Teguh yang tidak mengerti hanya pasrah ketika tangannya ditarik begitu saja oleh ibu tirinya itu. Lebih tepatnya ia hanya memilih diam menunggu wanita itu berbicara.

Sesampainya di dapur, Tania melepaskan tangan Teguh dengan cepat. Dan bersedekap sembari memasang raut datarnya,

"Kau ... ajak Kamal besok keluar. Kalau bisa malam ini bujuk dia terserah kemana besok."

"Kenapa ma? Bukannya Kamal ingin jalan jalan ke pantai besok?" Kening Teguh mengerut bingung. Biasanya Tania akan mencari alasan agar ia dan Kamal tidak terlalu dekat. Tania selalu bersikap seolah anak kandungnya itu tak boleh akrab dengan dirinya.

Plak-

Bukan jawaban yang ia dapati, melainkan tamparan keras di pipinya. Teguh menunduk ke bawah menetralkan rasa sakit dan panas di pipi kirinya.

"Jangan memanggilku mama kalau kita sedang berdua. Aku bukan ibumu. Dan juga, jangan banyak bertanya." Tania memberikan Teguh tatapan sinis.

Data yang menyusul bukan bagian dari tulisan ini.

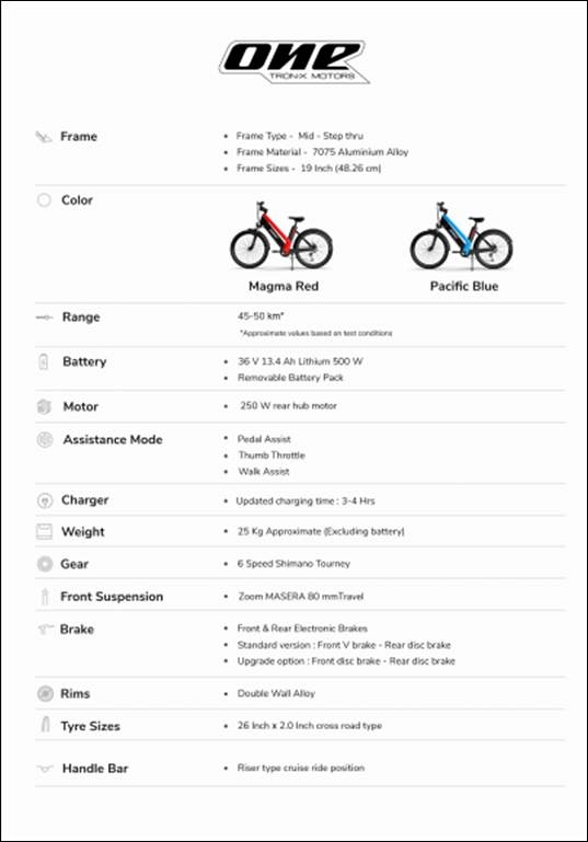 Delivering an efficient and exciting commuting experience, TRONX ONE also features a smart display powered by tronXTM and comes with an integrated tbike app which allows the rider to estimate range, and set fitness goals, all from the smartphone. Easy to not just ride but use, the lightweight and detachable 36 V 13.6 Ah Lithium 500 W battery along with a 250W rear hub motor delivers a power packed experience to the users. Tronx One Claims uncompromised Guaranteed range of 50 Kms on continuous throttle mode per charge and 70-85 Kms on electronic gear Assist Mode per charge.
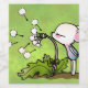 Este design caprichoso e amigável mostra um rato branco soprando as sementes de um dandelion. Será que o desejo dela se realizou?
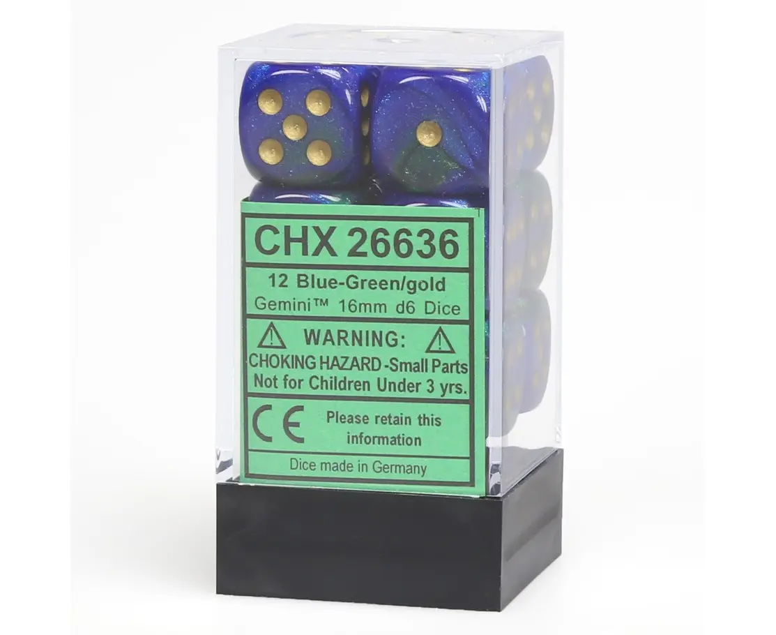 Chessex 16mm Dice Block: Gemini 3 - Blue-Green/Gold Black
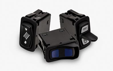 We offer many types of switches including seald rocker, circuit breakers, toggle switches, micro switches, tact switches, rotary switches, rocker and keyboard. They are characterized by high quality and class tightness. The advantage is the possibility of selecting different sizes and colors of caps.
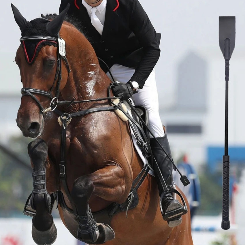 Durable Equestrian Riding Crop PU Leather Horse Whip Lightweight Training Supplies Saddle Boot
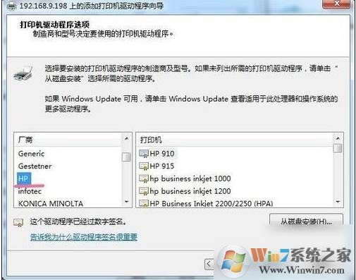 在这里选择HP,然后在右侧找到你要安装的型号;

"Oke Tante." Sebagai gantinya Teguh hanya membalas ucapan Tania. Ia berusaha untuk menjaga tempat teramannya. Oleh karena itu lebih baik ia tidak mempertanyakan banyak hal.

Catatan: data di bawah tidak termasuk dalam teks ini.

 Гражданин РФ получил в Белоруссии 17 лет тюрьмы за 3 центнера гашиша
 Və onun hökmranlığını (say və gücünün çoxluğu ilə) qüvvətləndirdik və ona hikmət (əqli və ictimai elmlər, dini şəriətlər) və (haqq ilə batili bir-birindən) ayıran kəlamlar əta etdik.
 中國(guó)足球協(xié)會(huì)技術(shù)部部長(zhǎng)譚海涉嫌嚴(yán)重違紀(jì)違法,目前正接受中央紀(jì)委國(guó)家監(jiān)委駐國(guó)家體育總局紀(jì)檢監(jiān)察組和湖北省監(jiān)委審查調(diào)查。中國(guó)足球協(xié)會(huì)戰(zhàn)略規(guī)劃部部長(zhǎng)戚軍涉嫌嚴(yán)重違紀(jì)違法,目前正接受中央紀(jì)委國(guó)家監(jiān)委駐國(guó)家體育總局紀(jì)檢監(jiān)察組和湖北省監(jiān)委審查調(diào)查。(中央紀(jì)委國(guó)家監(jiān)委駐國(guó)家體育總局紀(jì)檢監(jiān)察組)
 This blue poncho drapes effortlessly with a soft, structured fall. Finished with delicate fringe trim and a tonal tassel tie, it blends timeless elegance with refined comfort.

Teguh mengusap pipinya sepeninggalan Tania dengan hati sedikit kusut. Sepertinya rencananya untuk bertemu Jian gagal besok. Ia harus mencari hari lain lagi untuk bertemu abang kesayangannya itu.

❛❛occasion -

Kamal tersenyum sedih ketika Teguh berusaha mengajaknya pergi ke taman bermain besok. Memang banyak hal yang disukainya di taman bermain itu, apalagi ia ingin ke rumah hantu. Namun sayangnya ia ingin jalan jalan dengan sekeluarga lengkap. Ayahnya terlalu sibuk bekerja dan ibunya jarang terlihat di rumah. Ia benar benar ingin merasakan pengalaman yang sering diceritakan teman sekelasnya itu.

Ini bukan sekali atau dua kali ajakan liburannya tidak tercapai. Sudah berulang kali ia mengajak Tania untuk liburan dan sebagai gantinya, selalu ada hal yang membuat rencana liburan itu batal. Dari alasan Tania yang sibuk, atau ia yang harus check up, dan terakhir Teguh yang mendadak mengajaknya pergi ke tempat lain. Sepertinya Tania menyiapkan berbagai alasan agar rencana itu tidak terlaksanakan.

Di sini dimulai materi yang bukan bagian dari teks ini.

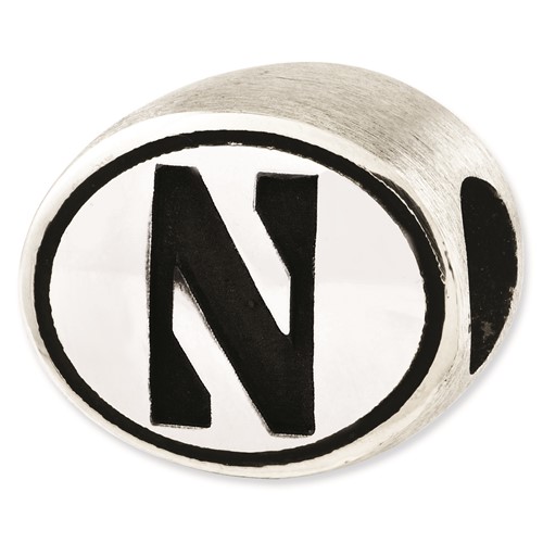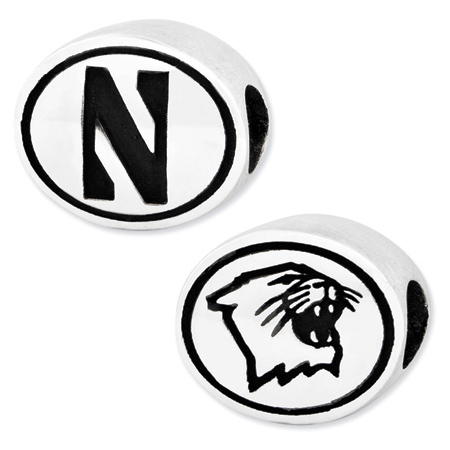 Northwester University bead is made of antiqued, solid sterling silver. Two-sided design. Officially licensed product, manufactured by the Collegiate Bead Company in the USA. This bead is compatible with all major personalized bead bracelet systems.
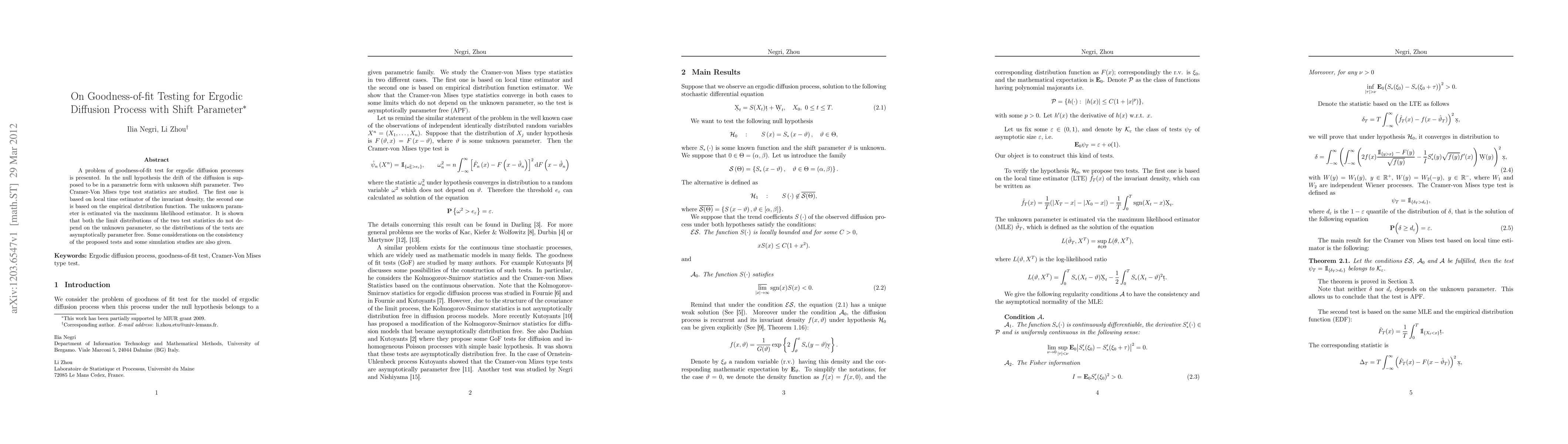 This paper proposes goodness-of-fit tests for ergodic diffusion processes with a shift parameter, using two Cramer-Von Mises type test statistics. Both test statistics are shown to have asymptotically parameter-free distributions, and the paper includes a discussion on their consistency and simulation results.
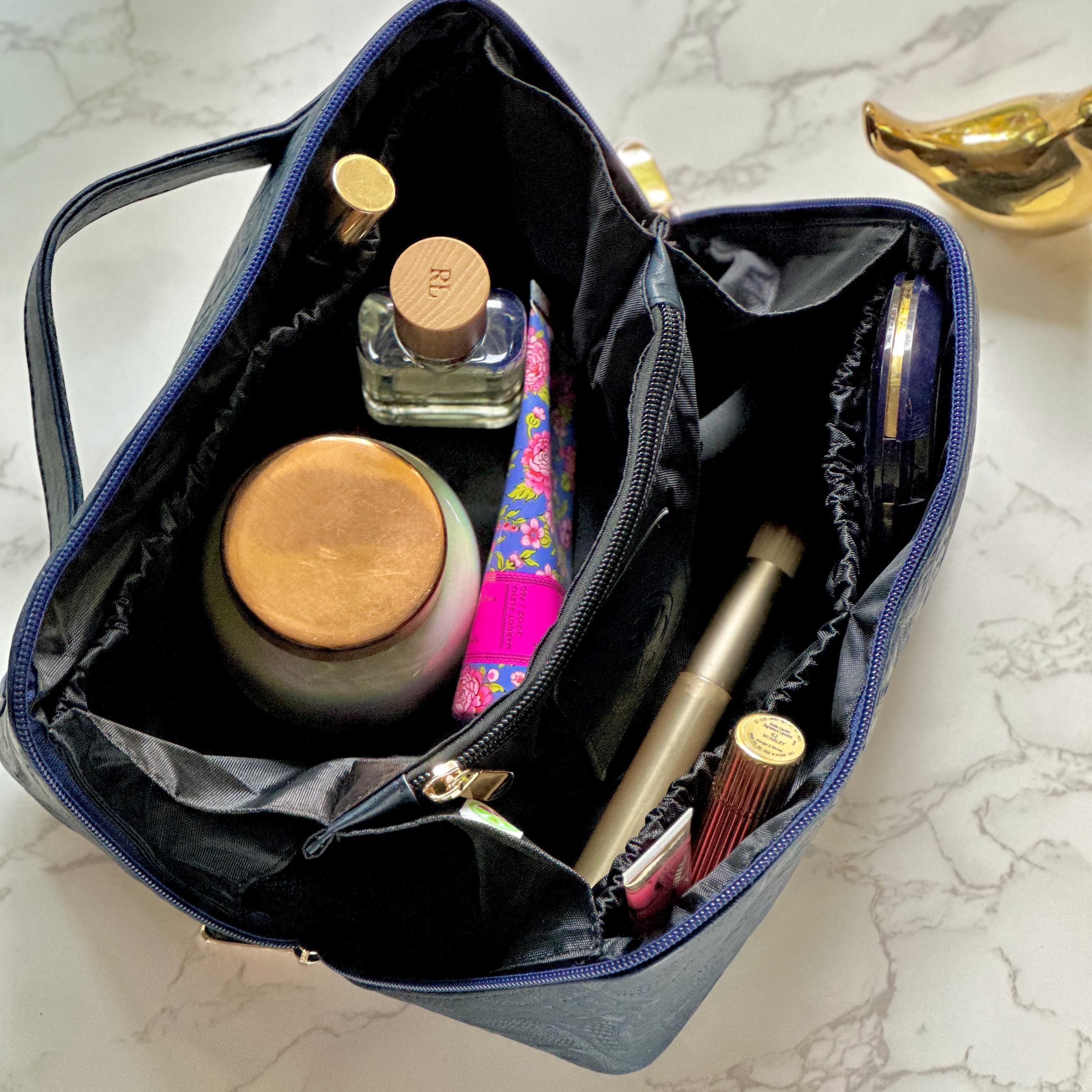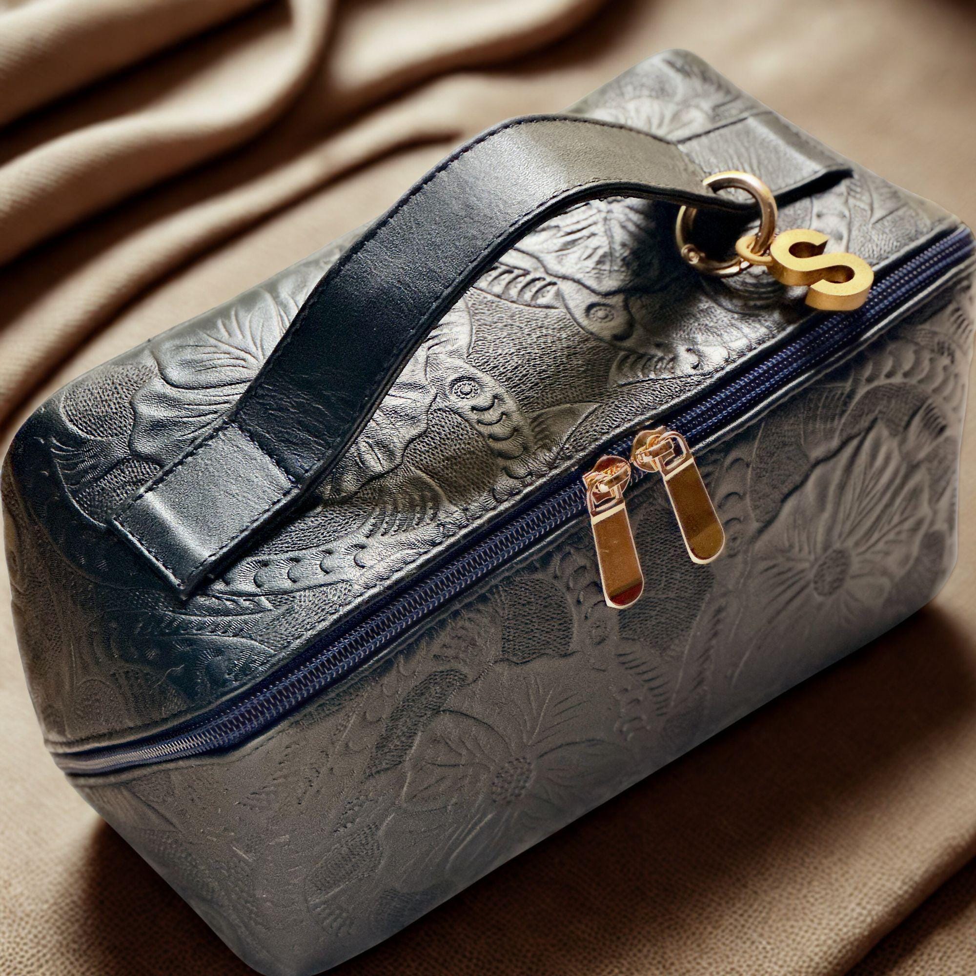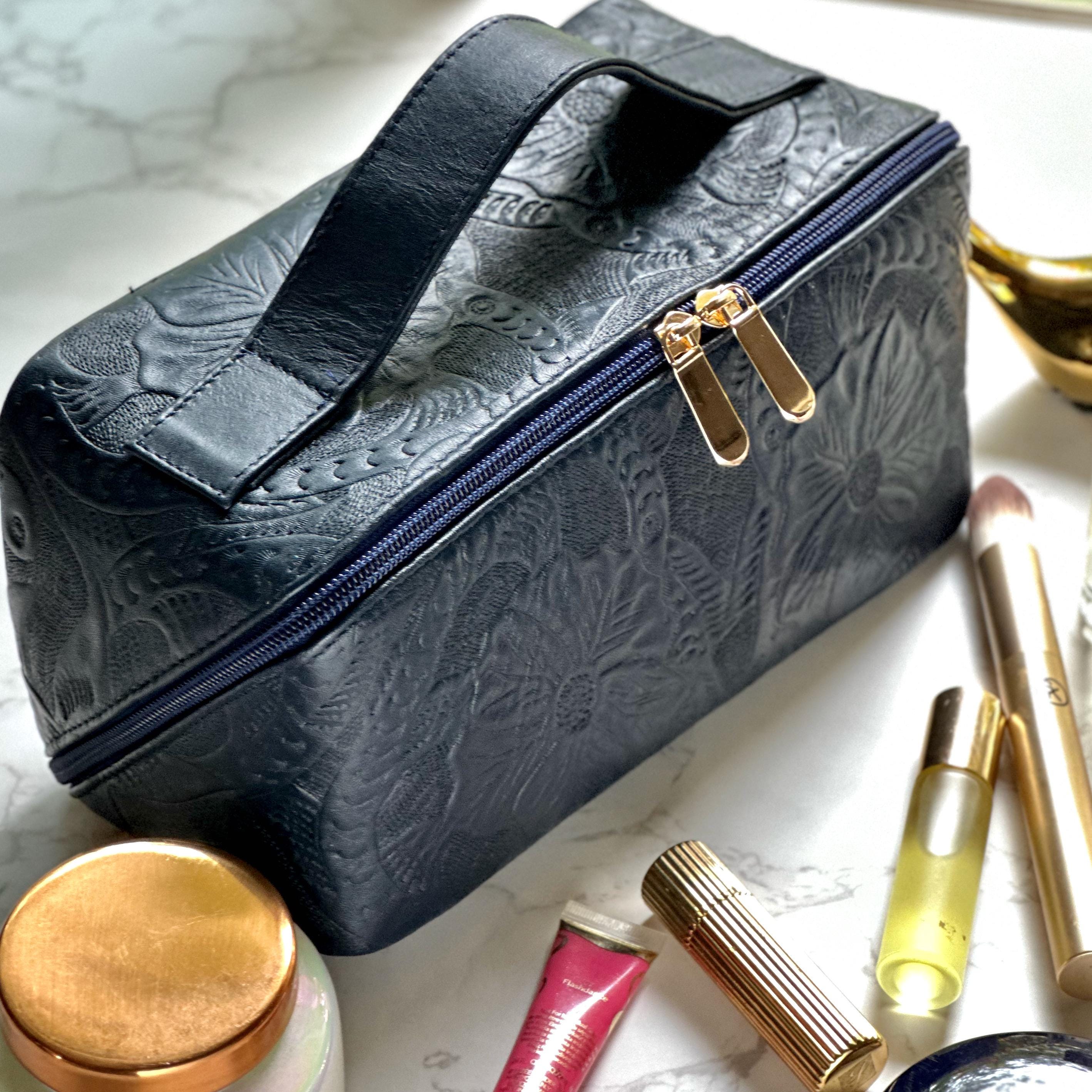 Ready to upgrade your routine? This floral-embossed leather makeup bag is roomy, travel-ready, and totally giftable - because beauty deserves better storage.

Masih dengan wajah melasnya, ia perlahan membaringkan badannya di kasur. Sehingga pandangannya menatap langit kamarnya yang berhiaskan lampu bintang itu sepenuhnya.

"Gue paham kok, guh. Lo ga usah nyari tempat lagi buat kita main besok. Gue ga mau pergi." Kamal meraih bantalnya dan memainkannya pelan.

Teguh yang melihat reaksi adiknya itu merasa sedikit iba. Sepertinya Kamal sudah mengetahui bahwa Tania yang tak suka diajak jalan jalan ataupun acara keluarga. Sebagai saudara yang tumbuh bersama, Teguh setidaknya mengetahui isi pikiran Kamal.

"Jangan gitu lah. Kalo gue traktir gimana? Lo suka gratisan 'kan?" Teguh mencoba merayu Kamal agar tidak sedih.

Kamal terduduk menatap Teguh yang kini duduk ditepian kasurnya. Rasa simpati Teguh membuatnya merasa sedikit tidak nyaman. Ia hanya tidak suka dikasihani.

"Ga lah, lagian badan gue juga cape sekarang. Kayanya bakal rebahan aja besok." Kamal memasang senyuman andalannya berharap Teguh paham.

Teguh mengangguk singkat lalu merangkul saudaranya dan mengajaknya berbaring lagi untuk menatap langit kamar Kamal yang cantik. Teguh memasang lampu bintang itu karena Kamal tidak bisa menghadapi angin malam. Sebagai gantinya, ia menghias langit kamar pemuda itu agar Kamal dapat melihat bintang yang disukainya.